Eitoku’s ability attracted the attention of regional daimyo and later the country’s all-powerful rulers. The daimyo Oda Nobunaga (1534-82) and his successor, Toyotomi Hideyoshi (1536/7-98), both commissioned monumental screen paintings to furnish their new castles at Azuchi, Shiga Prefecture, and Osaka, but these were burned to the ground in the final struggle for power before peace reigned. Tradition has it that Eitoku died in his 40s because of the enormous workload and brutal deadlines he endured to fulfill orders from rulers who could not be refused.

The unyielding character of his patrons is immediately apparent in portraits he made of Oda, seated in full court costume, stern-featured with mustache and tuft of hair under his lower lip, and eyes cold but missing nothing.

An even more chilling portrait shows Toyotomi seated in a court costume so voluminous that his hands are miniaturized out of all proportion, his reptilian eyes set in a gaunt, lined face like the noh mask of a warrior-ghost.

An example of the large-scale painting that decorated the castles of these formidable lords is the famous “Cypress Tree” eight-panel screen from the Tokyo National Museum. This depicts just the middle section of an aged tree, painted in bold brush strokes on a background of gold-leaf clouds — a composition that is startling to those more familiar with European paintings where such a tree would be shown in context with earth below and the sky above. Eitoku has here conceived an effect that is extraordinarily powerful, and by cutting off the top and bottom sections of the tree, the image of weight and age is all the more effective. Overwhelming though this picture appears today, what would we give for just a glimpse of recorded “great paintings” of pine and prunus trees extending for up to 60 meters in length?

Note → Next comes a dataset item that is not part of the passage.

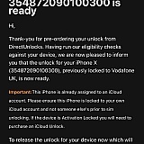 First I paid the fee to find out if it was blacklisted and it came back clean. Waited over 30 days and every time I checked it was at 99% and imminent plus it also stated 5 days and 4 hours each and every time I visited the web site. Asked for a refund and now Luke wants wants a copy of my receipt showing I paid for the phone. They had already checked the phone to see if it was blacklisted and it came back clean. Based on that info I went ahead with the unlock and now I'm out of money. Luke is a joke. He only responds after you've sent emails more than once. Save your money... Don't trust them... I will be doing more reviews at different websites and I sincerely hope they( or Luke) go out of business. See order here: Thanks for your order!

But famous though he is for these exuberant screens and sliding doors, Eitoku was equally a master of fine, detailed paintings such as is seen on fans. Until the modern period, there was no dividing line between art and craft in patrons’ minds, and artists were just as likely to be commissioned to produce summer fans, (much like a new line in fashion today), as they were to decorate building interiors. And just like modern fashions, the fans were likely to be thrown away at the end of the season. A few that have survived show beautiful, miniature ink paintings of birds, early autumn fruits, boats on a misty lake, some decorated with a blush of gold dust or an inscribed poem — so continuing the tradition of the painting of the Muromachi Period (1338-1573), in which the Kano School had been born.

Another contrast to the flamboyant and decorative is seen in Eitoku’s genre paintings, which are of historic interest for their depiction of everyday life.

A pair of screens on view here, commissioned by the Shogun Ashikaga Yoshiteru in 1565, depict a view of Kyoto as if seen at a 45-degree angle from an airplane. Details reveal the Gion Festival with attendant celebrants, the business activities of merchants and the calm courtyards of temples and private dwellings. Another six-panel screen shows Hideyoshi’s lavish and richly furnished Jurokadai palace/castle, also known as Kurakutei.

We can only imagine what masterpieces of Eitoku’s hand met their end in flames and what he might have produced had his life been longer. But at least this exhibition can provide us with a glimpse of Momoyama splendor.